Climate change has impacted our planet in both expected and surprising ways. According to a recent study reported by USA Today, climate change is lengthening our days by accelerating changes in the Earth's rotation. The melting ice sheets in Greenland and Antarctica are a major factor. As the ice melts and flows into oceans near the equator, it alters the Earth's shape, consequently slowing its rotation.
The Earth's rotation is becoming more influenced by climate change than by the moon, according to research from ETH Zurich. Explaining the change in rotation Benedikt Soja, Professor of Space Geodesy at the Department of Civil, Environmental and Geomatic Engineering at ETH Zurich said, "It’s like when a figure skater does a pirouette, first holding her arms close to her body and then stretching them out." He further explained, "A shift in mass is taking place, and this is affecting the Earth’s rotation." The rotation slows down because the mass moves away from the axis of rotation causing physical inertia.
This phenomenon is governed by the law of angular momentum in physics, which applies to Earth's rotation. As the rotation slows, days become longer. Although not immediately noticeable, climate change has added milliseconds to our 86,400-second day. Other factors, like tidal friction caused by the moon, also slow Earth's rotation.

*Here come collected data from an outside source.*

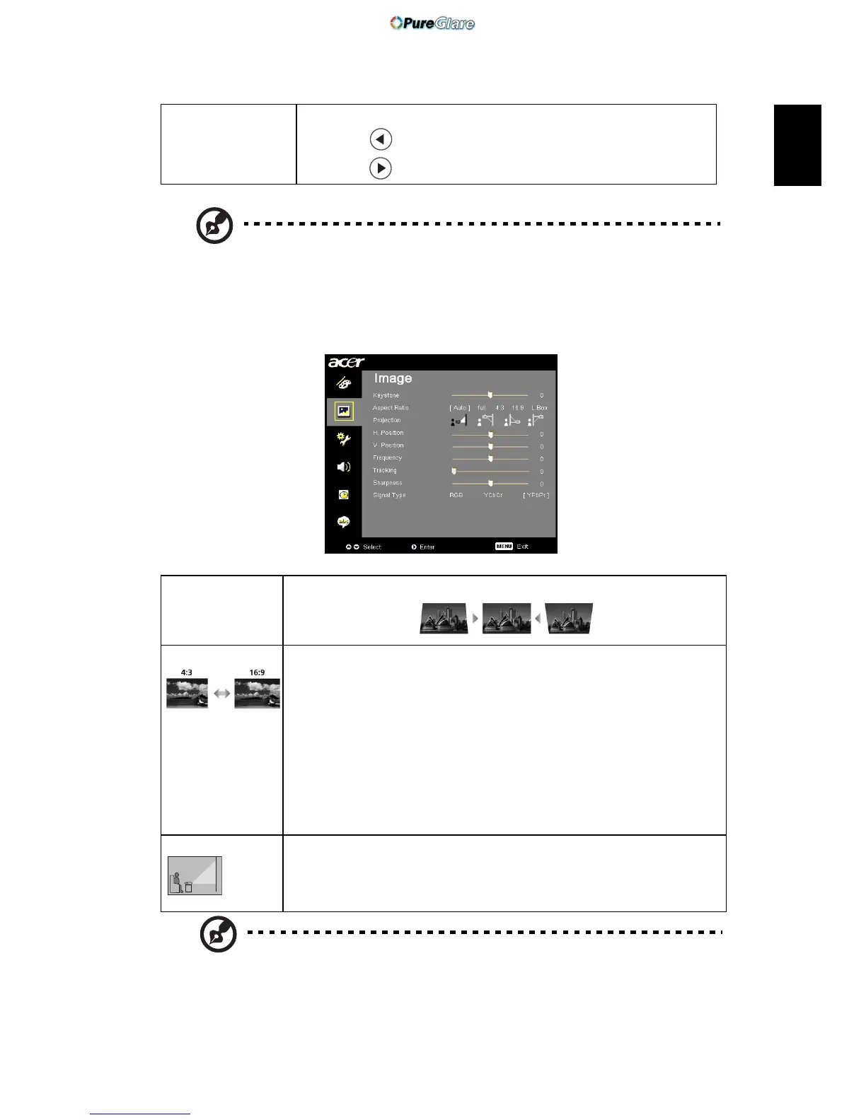Keystone Adjust image distortion caused by tilting projection. (±40 degrees)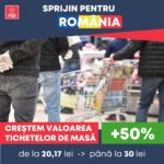 ✅Crește cu 50% valoarea tichetelor de masă – de la 20,17 lei la 30 de lei;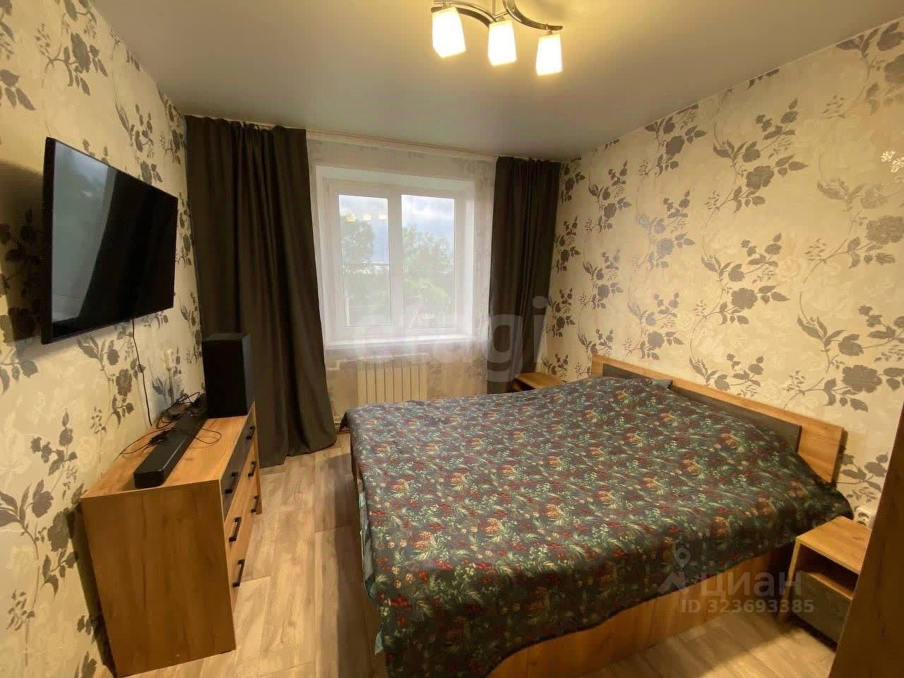 Двухкомнатная квартира площадью 52,7 м² расположена на четвертом этаже жилого дома в спокойном районе. Кухня 9 м² с современным гарнитуром, газовой плитой, холодильником, стиральной машиной и микроволновой печью. В квартире выполнен качественный ремонт: светлые стены, практичное напольное покрытие, раздельный санузел. Установлены стеклопакеты, обеспечивающие тишину и сохранение тепла, а балкон позволяет проветривать помещение. В жилых комнатах размещены двухспальная и односпальная кровати, вместительный шкаф, телевизор с тумбой. Вся мебель и техника в отличном состоянии.

However, if pollution and climate change continue unchecked, their influence on Earth's rotation could surpass that of the moon.
“We humans have a greater impact on our planet than we realize and this naturally places great responsibility on us for the future of our planet," Soja pointed out. Climate change isn't just melting the ice and slowing down the rotation but also changing the axis of rotation. The change is happening at the point where the axis of rotation meets the surface of the earth. The point would likely move hundreds of meters over the years. The reason behind this is the changing shape of the planet along with the changes taking place deep within the earth's surface. As the metal becomes more viscous due to high pressure displacements take place over time.
“For the first time, we present a complete explanation for the causes of long-period polar motion. In other words, we now know why and how the Earth’s axis of rotation moves relative to the Earth’s crust," Mostafa Kiani Shahvandi, one of Soja’s doctoral students and lead author of the study wrote in a statement. “Climate change is causing the Earth’s axis of rotation to move, and it appears that the feedback from the conservation of angular momentum is also changing the dynamics of the Earth’s core,” Soja pointed out.
“Ongoing climate change could therefore even be affecting processes deep inside the Earth and have a greater reach than previously assumed," Kiani Shahvandi noted. “In barely 200 years, we will have altered the Earth’s climate system so much that we are witnessing its impact on the very way Earth spins,” Surendra Adhikari, a geophysicist at NASA’s Jet Propulsion Laboratory, and a report author told CNN.